“But can’t you do something about that?”
“I’ve tried. I’ve chemically taken him apart three times and put him together four. But I’ve never been able to come up with a reliable computer analog of his motivational matrix. It’s as if he takes a perverted joy in confounding me. I’ve wasted two years on him. But no more.
“Anyway, I’ve come up with something better for a labor and defense unit. I’m giving up on that ape; I started the reversion process a week ago.”
“Reversion? What do you mean?” Mona said.
“I built him up and I can tear him down. I’m going to change him back to a normal mountain ape and sell him.”
“You’re going to destroy his brain? Isn’t that like murder?”
“What am I supposed to do with him? I can’t let him out. He’s a killer! It isn’t even safe to keep him in a cage. He’s bright enough to figure a way out of it. No. It’s either kill him or revert him. And as an ape, he’s worth a lot of money to a zoo.”
“But still…”
“He was an animal when I bought him and he’ll be an animal when I sell him. I fail to see where I’ve committed any crime.”
“But there must be something…”
“I’m open to suggestions,” Heinrich said.
Mona was silent. Heinrich took her arm—her skin was so incredibly soft!—and led her into the next hall.

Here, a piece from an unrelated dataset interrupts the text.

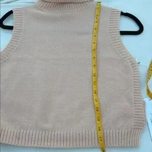 Chic and cozy turtleneck vest. Perfect for layering. Soft pink hue adds elegance.

“This is something that I want your help with. If you want to, that is.” Copernick opened the door on a surrealistic scene. One wall was a computer bank with multicolor displays that changed periodically. The wall opposite was a complex array of automated chemical apparatus.
Mona’s eyes locked in on a line of twenty glass cylinders in the center of the room. Each was a yard tall and a foot in diameter. Each contained a small humanoid form floating motionless in the fluid.

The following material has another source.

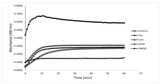 To explore the tubulin polymerization triggered by avermectin B1a, >97% pure tubulin was treated with avermectin B1a and control compounds for 1 h at 37 °C. The proportion of polymerized microtubule components was tracked by measuring the absorbance at 340 nm at regular intervals of 30 s for an hour. It was observed that the compound avermectin B1a had a substantial influence on microtubule polymerization at 30 µM; this influence consisted of increasing the polymerization of mammalian tubulin, which might alter the dynamics of tubulin polymerization and depolymerization and may lead to cell death. Meanwhile, paclitaxel, a well-known microtubule stabilizer, was used to enhance protofilament assembly. As demonstrated in Figure 2, avermectin B1a, like paclitaxel, can stabilize tubulin assembly and might stimulate protofilament assembly, indicating that a potential microtubule stabilizer may be established. Paclitaxel had the highest stimulating activity among the investigated groups, while colchicine was the least active substance in this assay.

“Are they alive?” Mona said.
“Certainly.” Heinrich inhaled. “At present, not one human child in ten is getting a solid basic education. The poorer countries can’t afford to feed their children, let alone send them to school. And things are getting worse, not better. A poor educational level results in a poor allocation of limited resources, and hence more poverty. I’m hoping that these beings will help break that downward spiral. They are to act as tutors and primary school teachers. I call them fauns.”
From the waist down the fauns were covered with fur. They had hoofs rather than feet, and their ears were pointed. Each faun had a large umbilical cord running from her naval to a placenta at the bottom of the cylinder.
“They’re lovely,” Mona said. “But why the mythological appearance?”
“They had to be quite human in appearance, or the human children that they raise might imprint improperly, or turn out autistic. Yet I didn’t want adults to confuse them with people. After all, we don’t want a competing species.
“Since human children normally imprint before they can walk, looking up from their cribs, the kids should see the fauns as human,” Copernick said.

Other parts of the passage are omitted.